We just got this exciting news from Pittsfield, Maine — it’s great to see more and more churches getting on board with fossil fuel divestment! 

First Universalist Church of Pittsfield Sells ExxonMobil, Divests from Fossil Fuels

Pittsfield, ME – In a bold move within a church that runs on a shoestring budget, the Council of the First Universalist Church of Pittsfield, Maine voted Sunday to sell its more than 1600 shares of Exxon Mobil stock and pledged to make its entire portfolio fossil fuel free within five years.

Among a growing number of city governments, colleges, institutions, and churches across the United States, the First Universalist Church of Pittsfield has embarked on a five-year pledge to divest its investment portfolio of the largest 200 coal, oil, and gas companies world-wide.

Why?
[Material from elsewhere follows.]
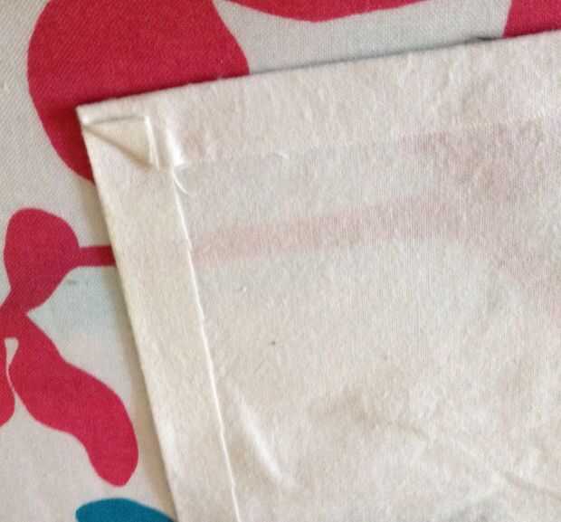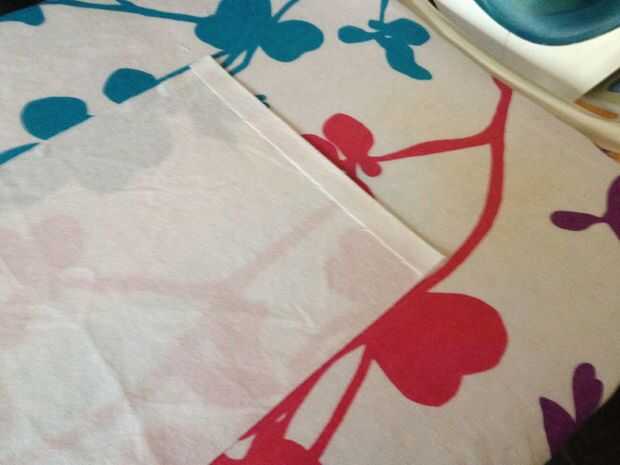 Se trata de donde sacó de la web de maravilla para ayudar a mantener los bordes en su lugar. Doblar cada borde inferior 2,5 cm y prensa. Donde tienes sacando las esquinas, doblarlas otra vez y web de maravilla para mantener en su lugar fuera de la vista.

According to the investment professionals that manage their portfolio, the Exxon Mobil stock – generously bequeathed to the church years ago – represents too large a percentage of the church’s overall portfolio. The lack of investment diversity constitutes financial risk.
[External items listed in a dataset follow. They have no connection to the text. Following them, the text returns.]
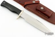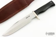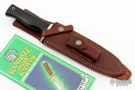 This Model 14 by Randall Made Knives features a satin finished blade with sharpened top edge and notched thumbrest, .203" blade stock. 1.450" blade depth, full tang construction. The handle has a nickel silver guard, black linen micarta handle with a lanyard hole at the butt. This knife was designed to meet the demand for an almost indestructible all-purpose knife, though it is especially suited for combat and survival purposes. Comes with brown leather sheath. Excellent condition.
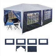 Relaxdays Seitenteile für Pavillon, 6er Set, 2x3m, wasserdicht, Fenster & Tür, PE, Seitenwände mit Klettverschluss, blau
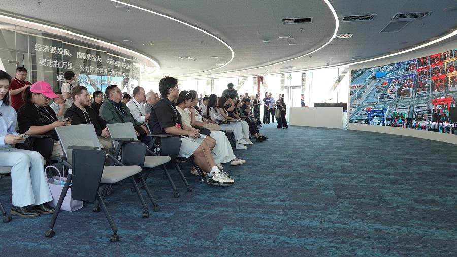 码头负责人向嘉宾介绍,天津港智慧零碳码头依托5G、人工智能和新能源技术,实现了全流程自动化作业,年吞吐量可达2329万标准箱。同时,通过风光储能一体化系统,码头运营实现100%绿色电力供应,碳排放接近于零。这一创新实践不仅提升了港口效率,也为全球港口绿色发展提供了“中国方案”。

“But fossil-free investing is not about diversifying one’s portfolio to prevent financial risk,” said Council Member Holly Zadra who led the effort. The grassroots divestment strategy heralded by student activists, writer Bill McKibben, and 350.org focuses on “a different kind of risk – the risk that burning too many fossil fuels in an already overburdened system endangers everything – people, plants, animals, food, water and the relatively predictable climate in which those things have flourished.”

First Universalist Church of Pittsfield Reverend Margaret Beckman said, “We concluded that we wanted to move toward values-based investing and away from financial return-only considerations. Our vote is a true reflection of our Unitarian Universalist values and the way that we, as a congregation, want to be in the world.”
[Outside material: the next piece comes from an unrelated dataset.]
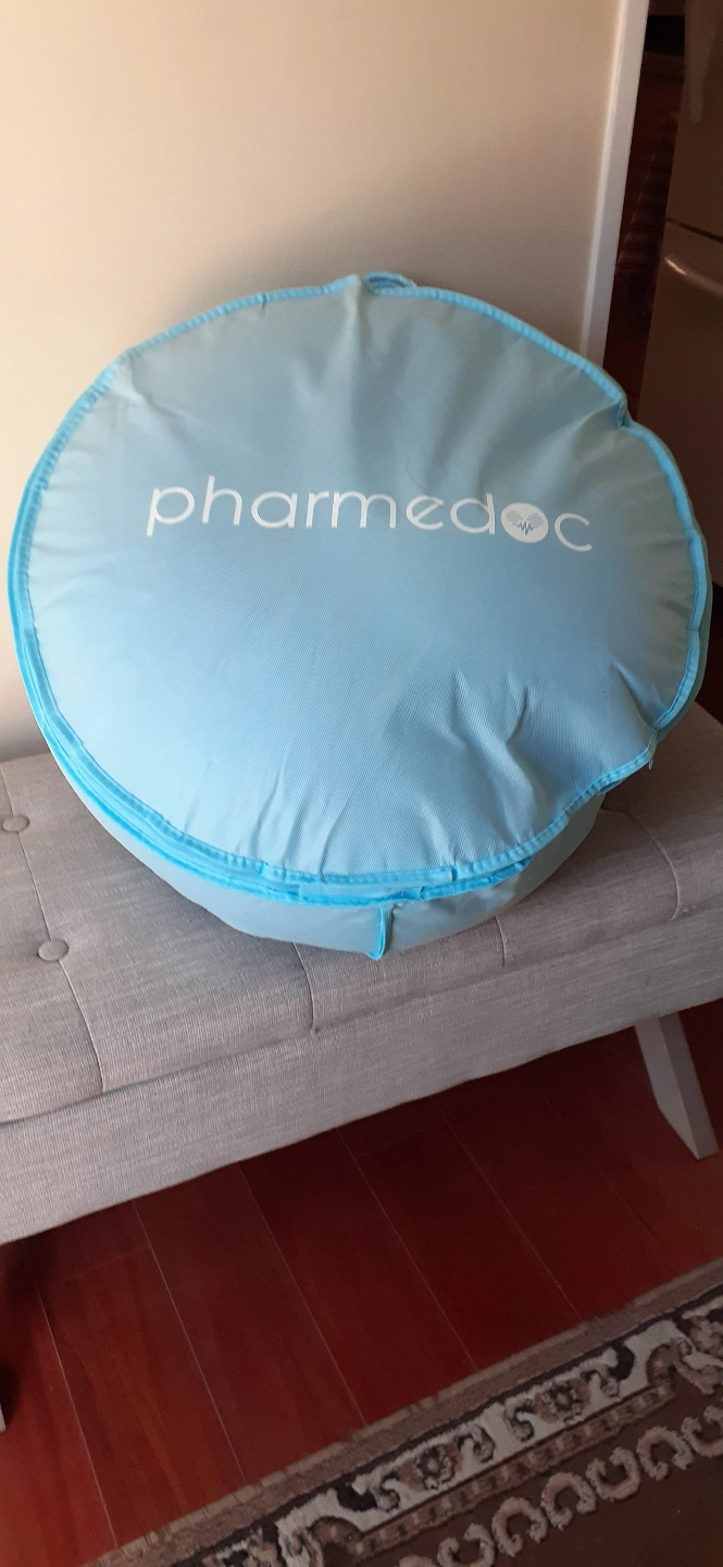 Grey pregnancy pillow. Includes a light blue carrying case. Machine washable cover. Excellent support for pregnant women.

Zadra said, “Divestment is partly symbolic, partly strategic. The movement aims to revoke the social license extended to the companies who continue to wreak havoc on the planet while spending billions lobbying governments and buying legislators that keep renewable and locally-generated energy out of the equation.”

But not everyone on the Council agrees with the move. Council Treasurer Priscilla Jones cast the lone vote against divestment. She said, “I believe this divestment movement is based on a false premise. Fossil fuels improve the quality of peoples lives and will for many years to come.”

Within the Church Council the democratic process reigns, and a 10-to-1 vote means the motions passed.

In a church that includes among its Seven Principles “respect for the interdependent web of all existence,” investment is both a moral and financial decision. Finance Chair John Burgess said it was important that the church invest in ways “that more closely reflect our values and ethics.” He said, “This is a big step for us to take, and I am proud of the church council for acting boldly on this matter.”